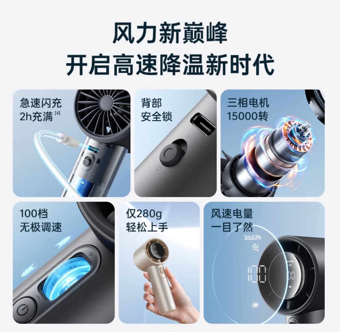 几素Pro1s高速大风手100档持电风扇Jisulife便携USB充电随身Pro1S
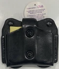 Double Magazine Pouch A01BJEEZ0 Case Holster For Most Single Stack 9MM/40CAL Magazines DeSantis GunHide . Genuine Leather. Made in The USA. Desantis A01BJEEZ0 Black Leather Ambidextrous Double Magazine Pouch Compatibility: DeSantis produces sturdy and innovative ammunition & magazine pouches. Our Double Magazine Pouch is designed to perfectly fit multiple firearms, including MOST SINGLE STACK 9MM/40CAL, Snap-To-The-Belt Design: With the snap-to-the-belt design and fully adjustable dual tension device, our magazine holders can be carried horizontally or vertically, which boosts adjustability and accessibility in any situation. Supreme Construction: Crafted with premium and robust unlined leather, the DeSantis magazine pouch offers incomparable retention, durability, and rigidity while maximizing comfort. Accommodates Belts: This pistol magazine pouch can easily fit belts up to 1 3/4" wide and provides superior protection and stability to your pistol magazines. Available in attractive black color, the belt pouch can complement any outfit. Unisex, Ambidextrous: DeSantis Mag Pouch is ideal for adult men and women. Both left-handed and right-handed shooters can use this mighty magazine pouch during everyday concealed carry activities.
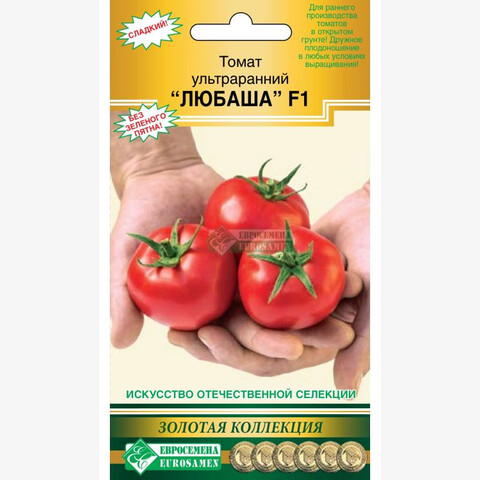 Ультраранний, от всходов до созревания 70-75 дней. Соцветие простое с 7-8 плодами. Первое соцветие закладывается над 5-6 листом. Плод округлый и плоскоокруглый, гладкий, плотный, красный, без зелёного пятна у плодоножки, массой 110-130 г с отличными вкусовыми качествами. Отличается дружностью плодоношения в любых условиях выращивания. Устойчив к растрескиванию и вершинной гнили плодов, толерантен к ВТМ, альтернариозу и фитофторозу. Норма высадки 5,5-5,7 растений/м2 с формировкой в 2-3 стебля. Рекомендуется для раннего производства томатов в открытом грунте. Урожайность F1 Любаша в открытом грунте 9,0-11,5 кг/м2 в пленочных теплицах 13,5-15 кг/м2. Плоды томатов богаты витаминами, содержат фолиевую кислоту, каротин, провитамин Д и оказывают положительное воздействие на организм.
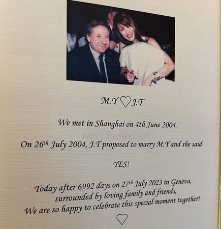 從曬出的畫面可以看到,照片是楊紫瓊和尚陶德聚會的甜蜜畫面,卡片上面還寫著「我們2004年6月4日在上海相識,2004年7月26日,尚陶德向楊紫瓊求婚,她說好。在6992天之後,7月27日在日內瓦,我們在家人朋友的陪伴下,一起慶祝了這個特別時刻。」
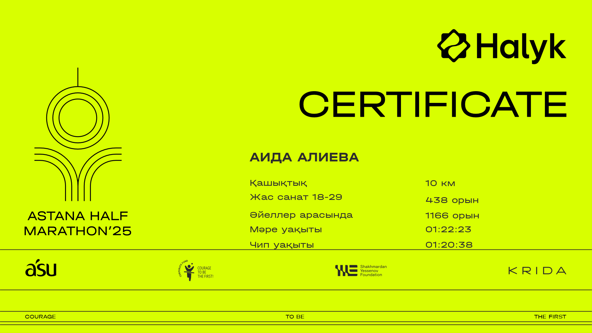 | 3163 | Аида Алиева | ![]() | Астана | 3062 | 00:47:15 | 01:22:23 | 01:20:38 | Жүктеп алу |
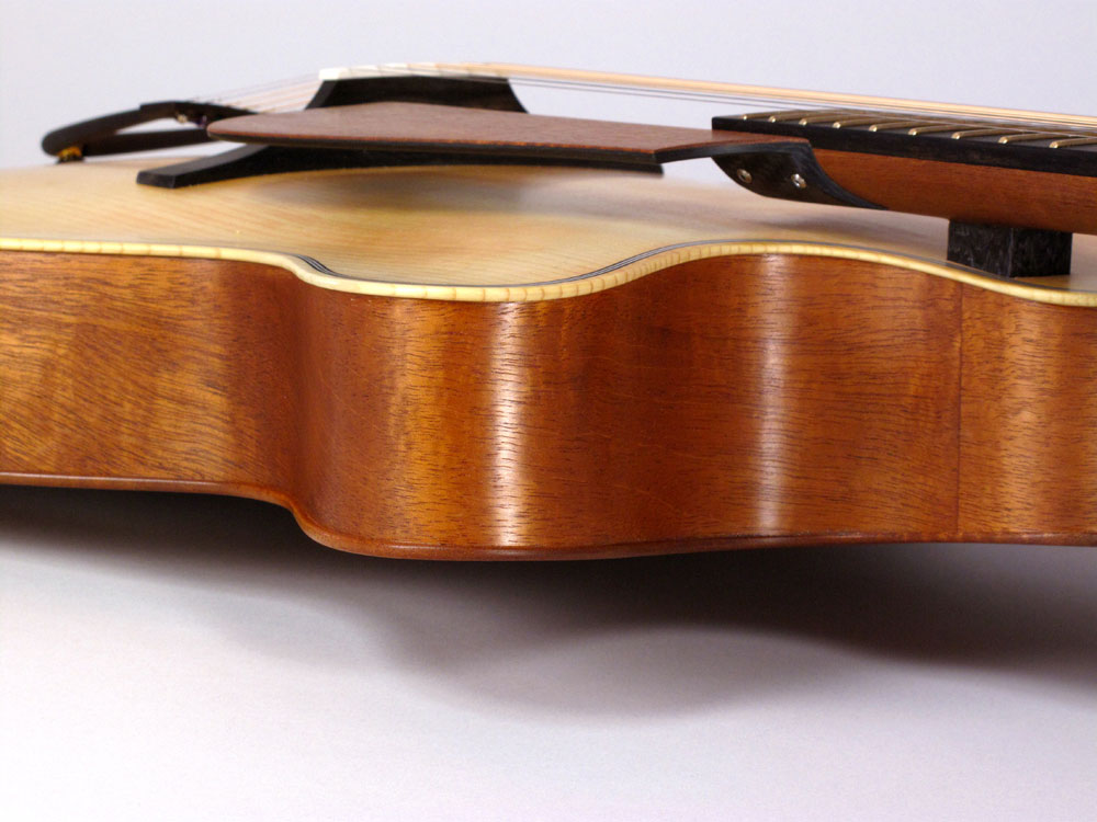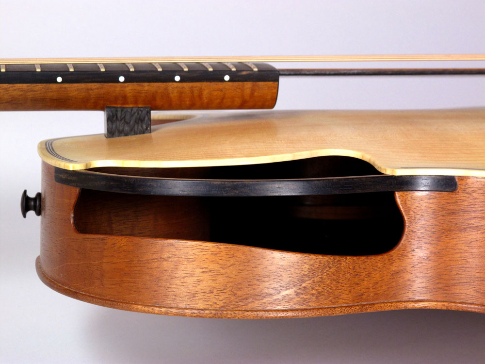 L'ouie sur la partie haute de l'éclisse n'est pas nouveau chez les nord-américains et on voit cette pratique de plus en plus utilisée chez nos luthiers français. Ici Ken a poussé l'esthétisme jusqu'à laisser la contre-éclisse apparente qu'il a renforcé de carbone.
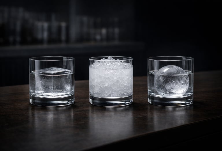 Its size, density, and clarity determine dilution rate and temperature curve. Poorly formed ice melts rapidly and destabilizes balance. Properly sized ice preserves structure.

...

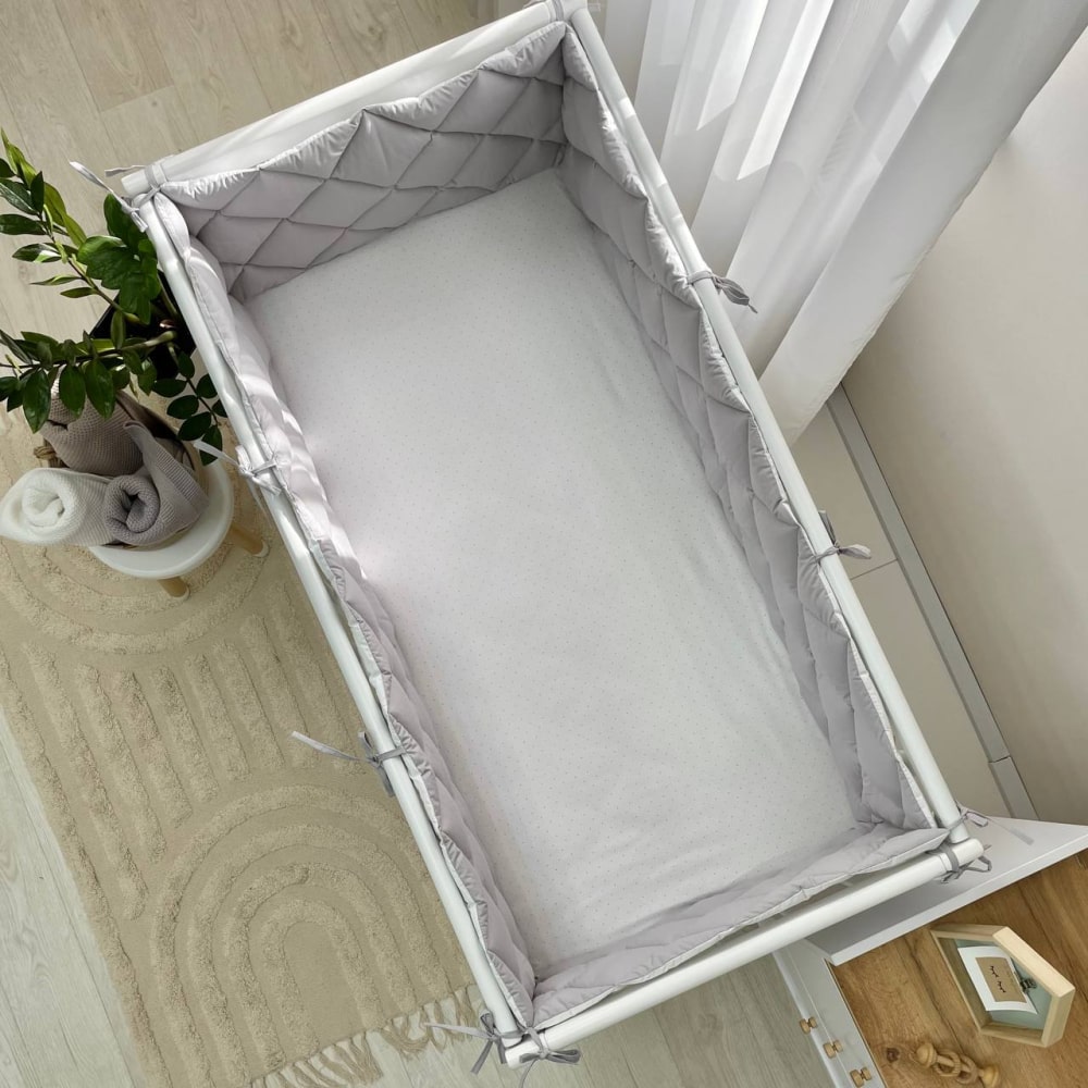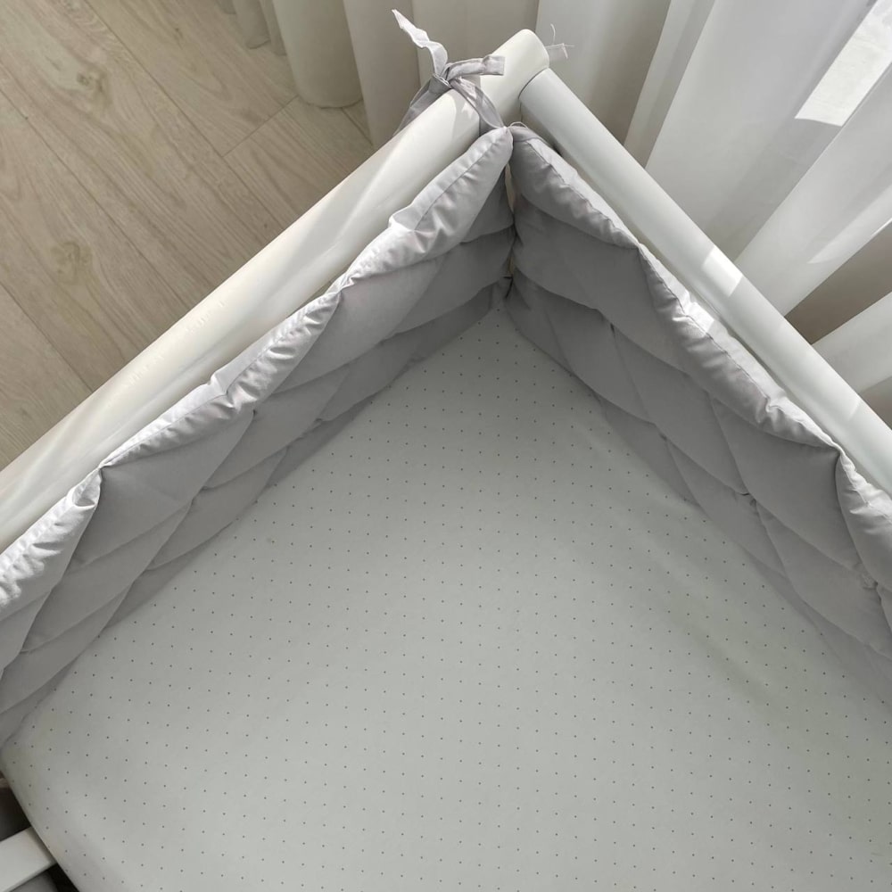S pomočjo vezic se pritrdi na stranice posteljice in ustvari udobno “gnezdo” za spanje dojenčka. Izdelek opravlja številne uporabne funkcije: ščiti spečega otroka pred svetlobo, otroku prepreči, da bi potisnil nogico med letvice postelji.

==

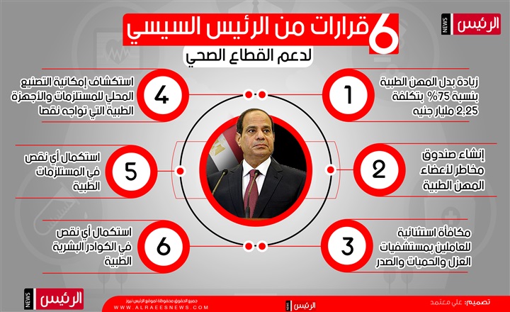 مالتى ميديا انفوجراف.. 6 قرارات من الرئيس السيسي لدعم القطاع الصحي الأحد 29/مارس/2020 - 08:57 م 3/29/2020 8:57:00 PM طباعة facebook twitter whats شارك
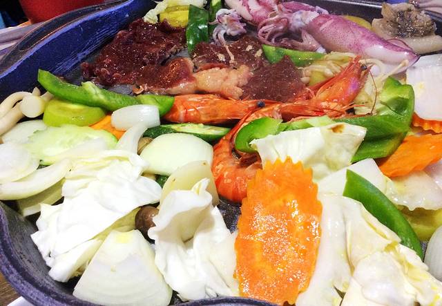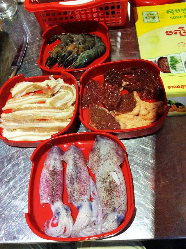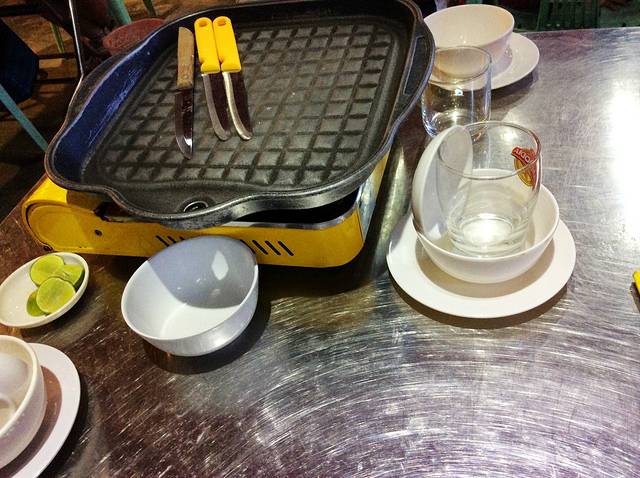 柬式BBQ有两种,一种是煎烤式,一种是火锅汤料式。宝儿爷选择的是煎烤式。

[HOW TO COMPLETE THIS TASK] Quote word for word only the lines above from the one containing "Жүктеп алу |" through the one containing "Its size, density, and". Pictures stay out of your copy.

[RESPONSE BOX]
 | 3163 | Аида Алиева | ![]() | Астана | 3062 | 00:47:15 | 01:22:23 | 01:20:38 | Жүктеп алу |
 L'ouie sur la partie haute de l'éclisse n'est pas nouveau chez les nord-américains et on voit cette pratique de plus en plus utilisée chez nos luthiers français. Ici Ken a poussé l'esthétisme jusqu'à laisser la contre-éclisse apparente qu'il a renforcé de carbone.
 Its size, density, and clarity determine dilution rate and temperature curve. Poorly formed ice melts rapidly and destabilizes balance. Properly sized ice preserves structure.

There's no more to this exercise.